GURPS Cyberpunk
- Designers: Loyd Blankenship
- Publishers: Steve Jackson Games
- Publication: 1990; 36 years ago
- Genres: Cyberpunk
- Systems: GURPS third edition
- ISBN: 1-55634-168-7

= GURPS Cyberpunk =

1990 supplement for the GURPS role-playing game

GURPS Cyberpunk is a cyberpunk sourcebook for the GURPS (Generic Universal Role-Playing System), written by Loyd Blankenship, and published by Steve Jackson Games in 1990. The original draft was a primary piece of evidence in Steve Jackson Games, Inc. v. United States Secret Service.
In 1993, GURPS Cyberpunk Adventures, a collection of three RPG scenarios in the GURPS Cyberpunk line, won the Origins Award for Best Roleplaying Adventure of 1992.

==Contents==

Besides the main chapters detailed below, GURPS Cyberpunk contains a glossary of common cyberpunk terms, an index, and a bibliography of relevant media.

Characters : This chapter describes some of the most common character archetypes (netrunner, corp(orate), cop, celebrity, etc.) and their typical skills, advantages, and disadvantages. It also provides a guideline about how much money a given job might bring or cost.
Cyberwear : Rules for and descriptions of bionic enhancements.
Technology & Equipment : Lists many sorts of near-future gadgets.
Netrunning : The longest in the book, it details rules for realistic computer networks as well as fantastic cyberspaces accessible only through a neural interface. It describes what types of system can be found in the Net and how the characters can act (and fight) there.
World Design : Gives guidelines for designing your own cyberpunk world.
Campaigning : Helps the Gamemaster in running a longer series of adventures.

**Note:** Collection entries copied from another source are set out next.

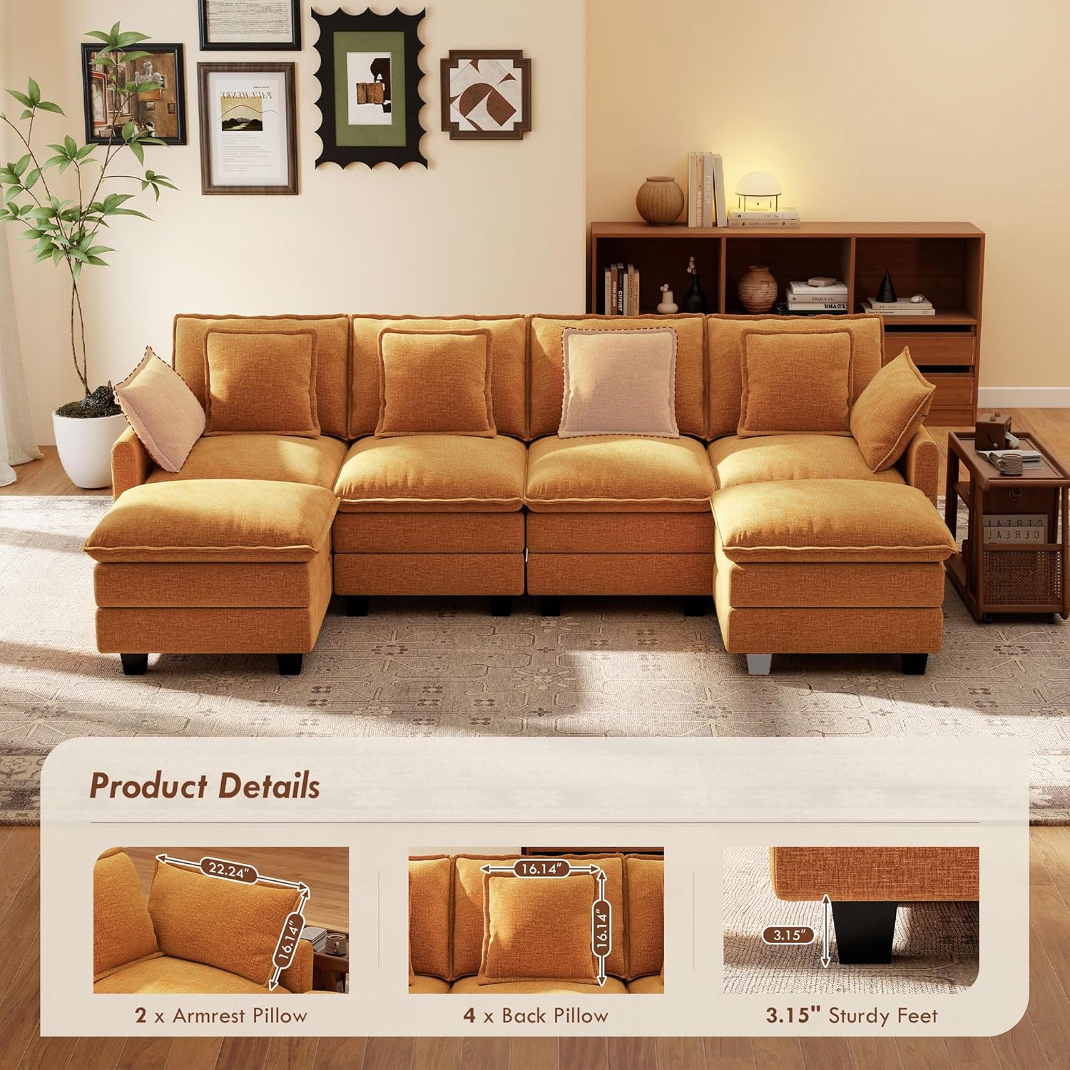 Ihanherry 106" L Shaped Modular Sectional Cloud Sofa, Modern 6 Seat Chenille Couch with Ottoman for Living Room, Bedroom and Apartment, Orange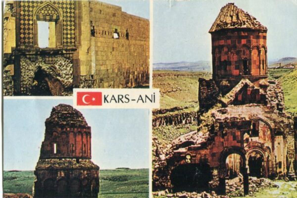 Türkiye: 1987 Kars Ani Ruins postcard to England franked with flowers and butterfly design stamps.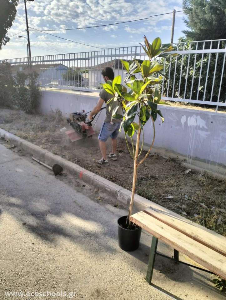 Ολοκληρώνεται για φέτος ο εξωραϊσμός της σχολικής αυλής του 10ου Γυμνασίου Βόλου στο πλαίσιο της Δράσης «Οικολογικά Σχολεία», στην οποία συμμετέχει η σχολική μονάδα. Μανόλιες στολίζουν πλέον τον κήπο του γυμνασίου, ευγενική προσφορά της Γεωτεχνικής Βόλου και του γεωπόνου κ. Κουντουρά Δωρόθεου.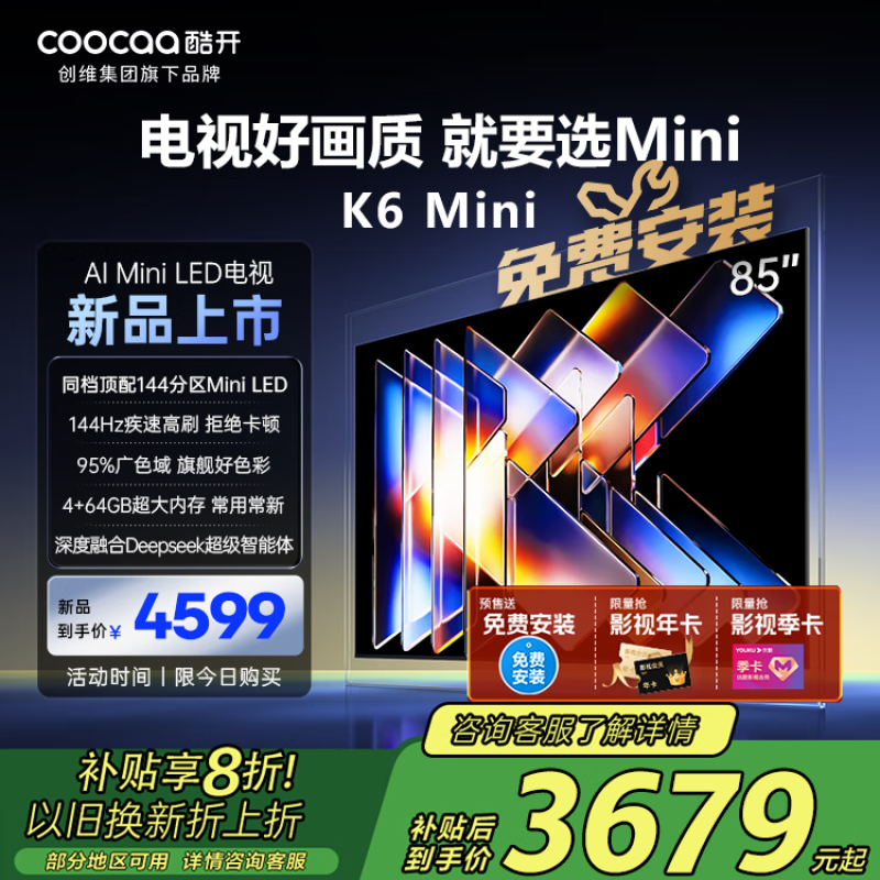 酷开85P5F 85英寸4K电视预售优惠价3639元
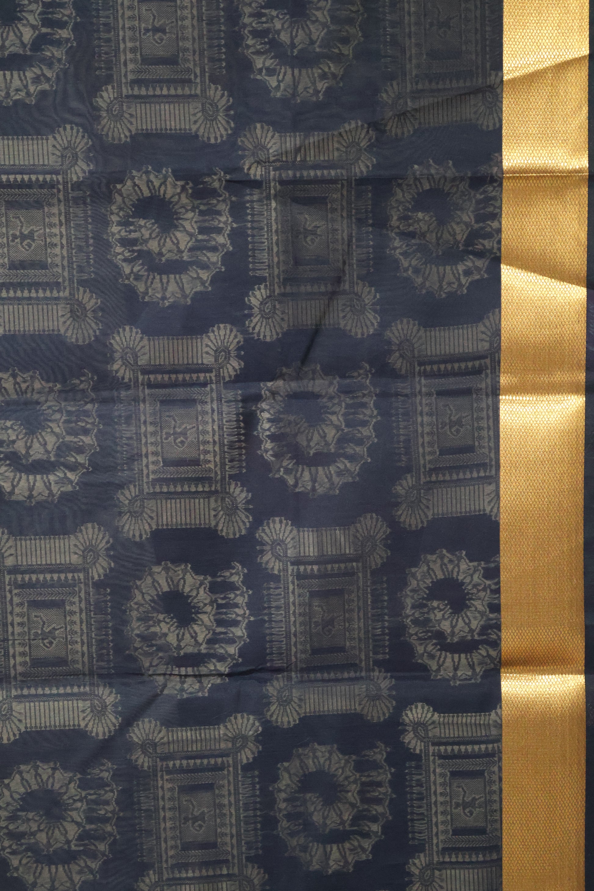 Kora Silk Cotton Saree - Black Frame Warli
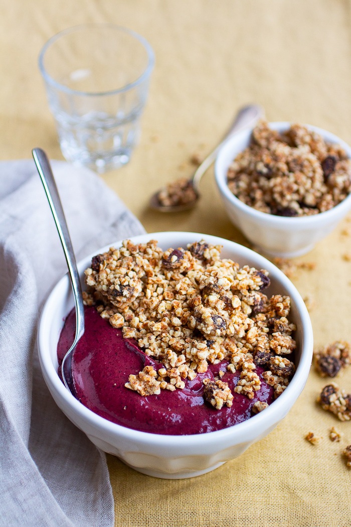 Op de foto at ik de chufa cruesli met een heerlijke açaí bowl, daar ben ik zo dol op. Maar het is natuurlijk ook lekker om op een zelfgemaakte taart te strooien, op je kokosyoghurt of over een fruitsalade. Of wat dacht je van gebakken appeltjes met kaneel, en dan deze cruesli erop? Misschien zelfs met een bolletje zuivelvrij ijs erbij.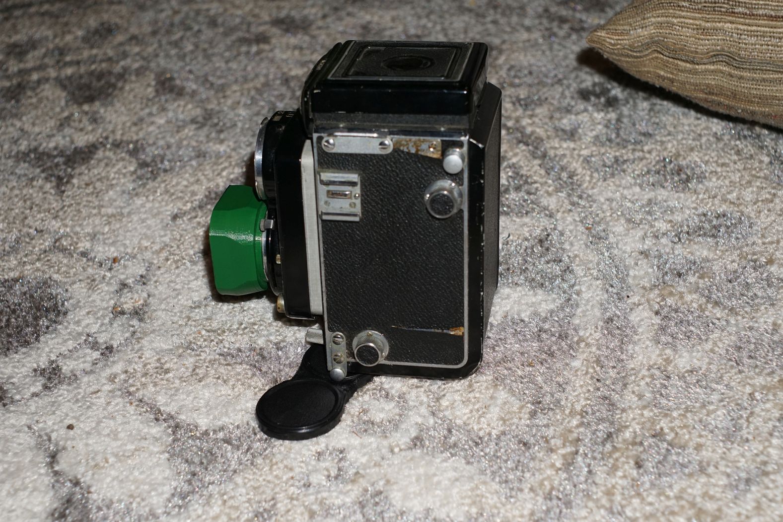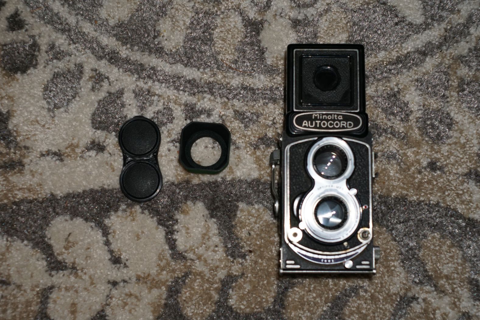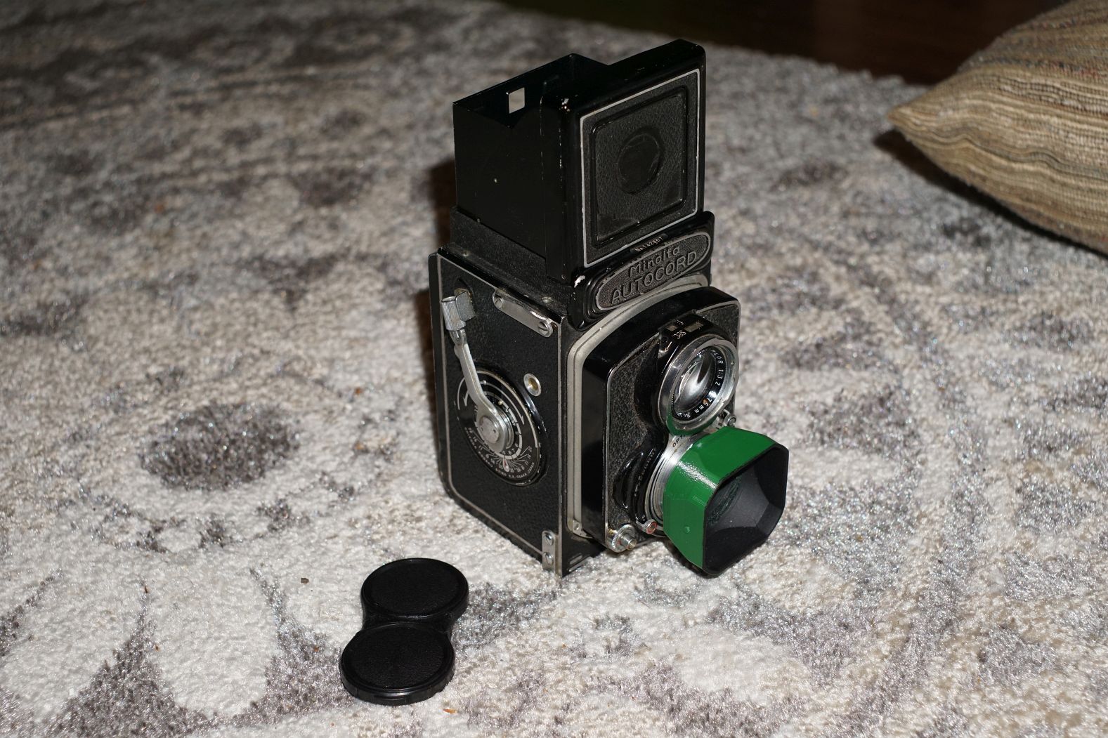 Lot 18: Minolta Autocord. This lot includes the camera and lens cap (cheap plastic) and hood (plastic). The hood is currently green but can easily be painted (the interior is already a flat black). Focusing lever working well. Good glass, everything in working order. Missing insignia on WLF and some skin is missing. Used condition. $220 plus shipping.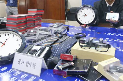 | 경찰청에 압수된 각종 몰래카메라들. |
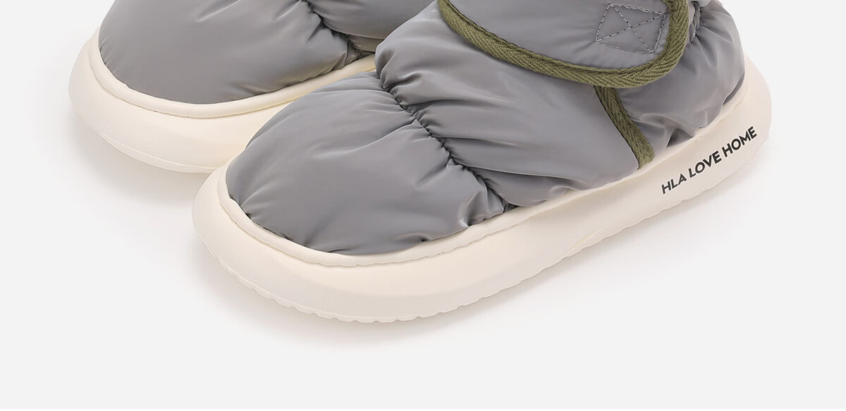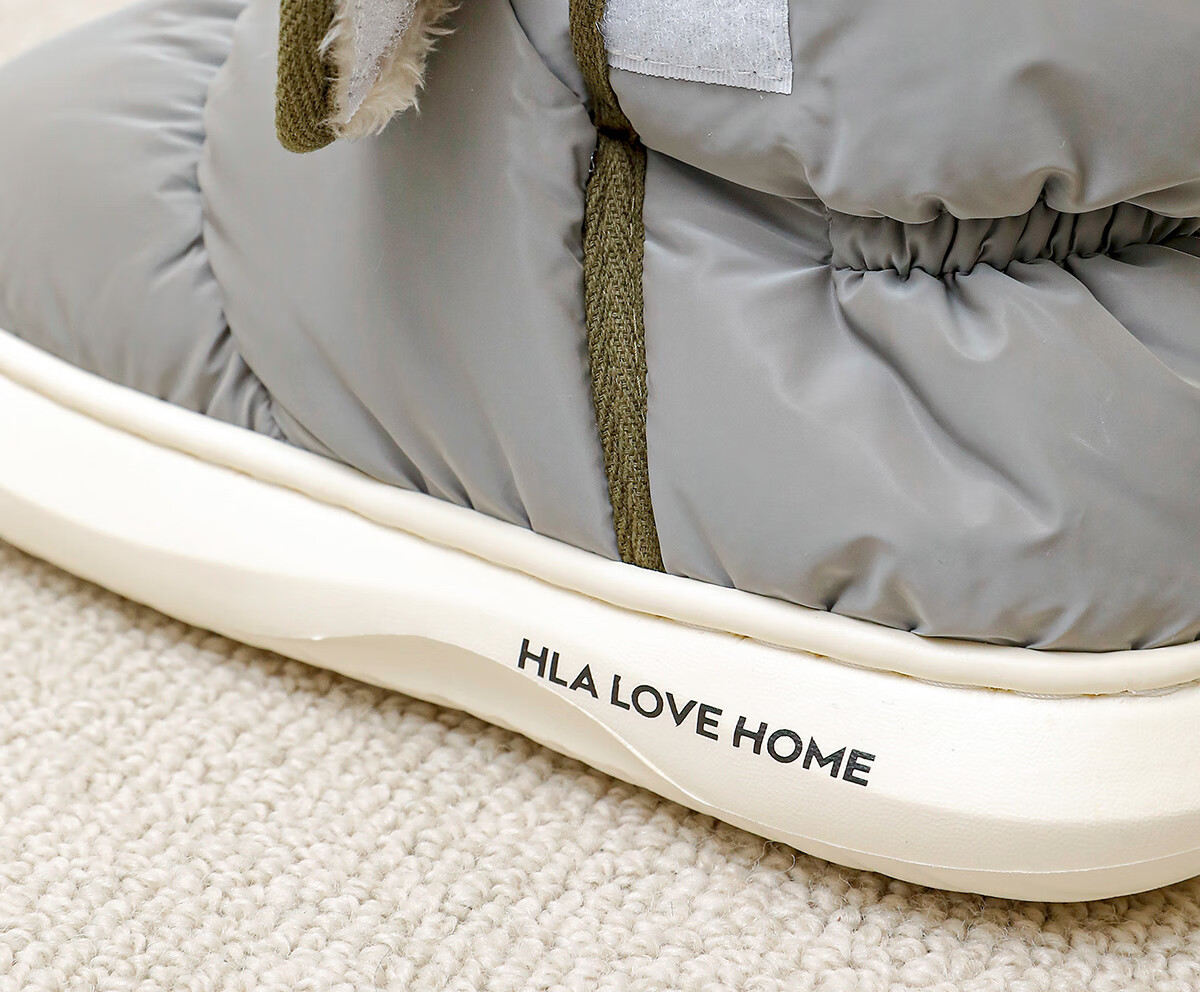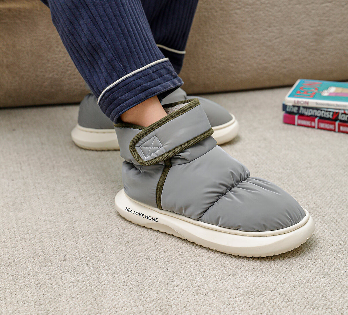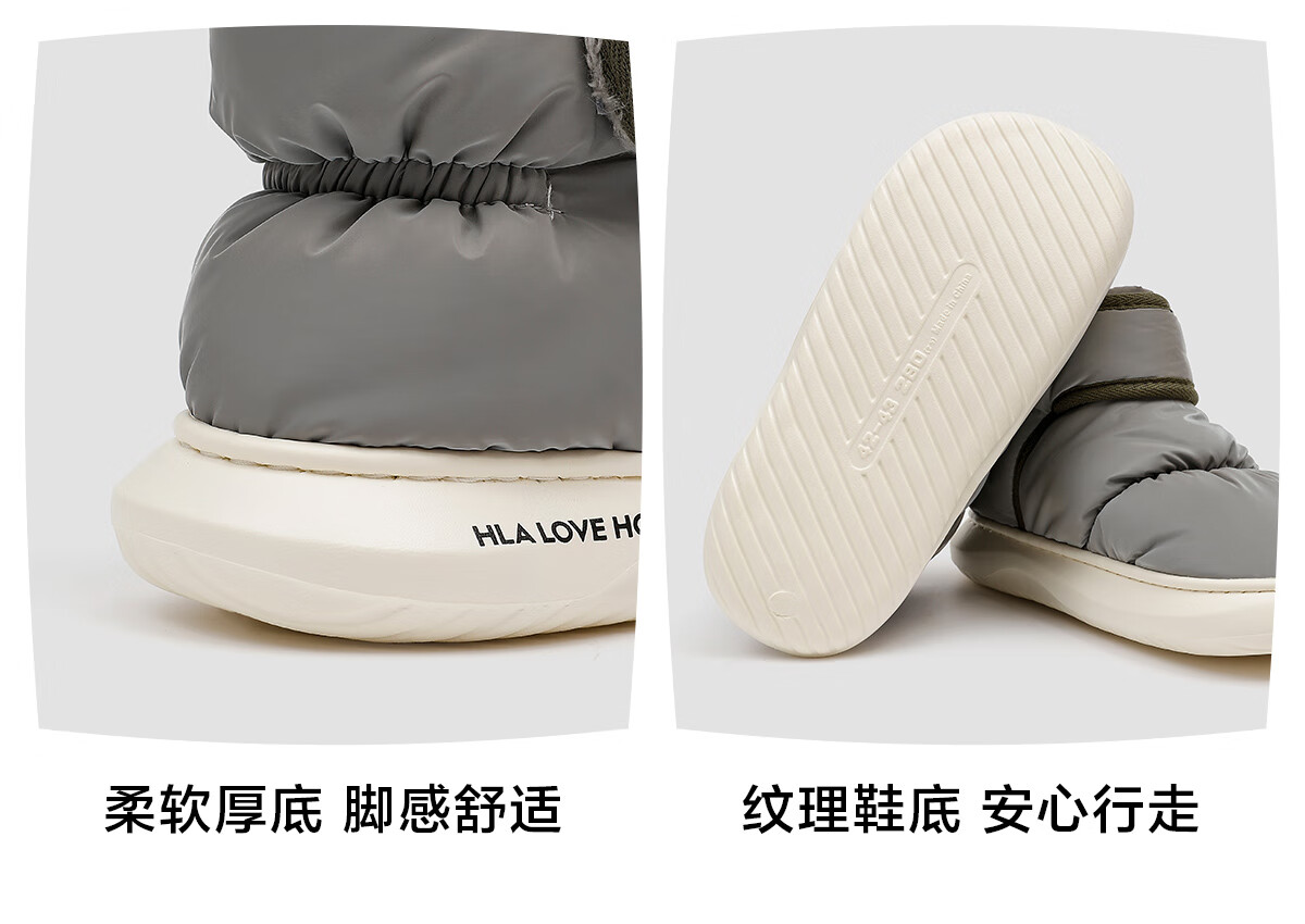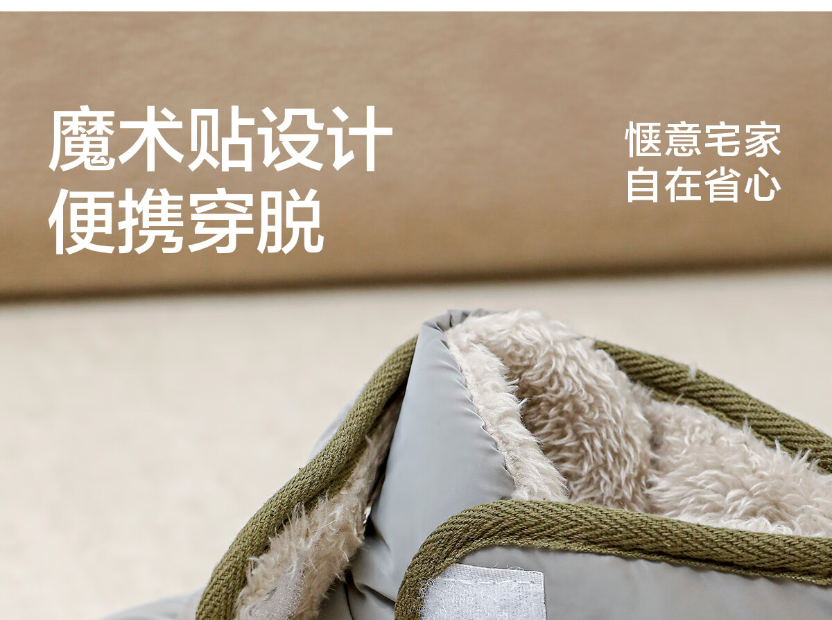 海澜之家(HLA)高帮棉鞋男士冬季居家居防滑厚底保暖情侣魔术贴毛绒包根棉拖鞋女 灰色 44-45 【适合43-44码】

==U.S. Secret Service seizure==

Loyd Blankenship, who was hired by Steve Jackson Games (SJG) in 1989, was nearly finished with GURPS Cyberpunk later that year, which was intended both to introduce the company into the popular cyberpunk genre, and to help the company get over its financial difficulties.

GURPS Cyberpunk received notoriety when the Austin headquarters of SJG was raided by the United states secret service in 1990. The authorities seized the manuscript for the sourcebook, which was under development at the time, asserting that it was a "handbook for computer crime". The book was reconstructed and rewritten from older drafts when the manuscript was not returned. The seizure delayed publication for six weeks. This raid is often wrongly attributed to Operation Sundevil, a nationwide crackdown on illegal computer hacking activities that was occurring about this time.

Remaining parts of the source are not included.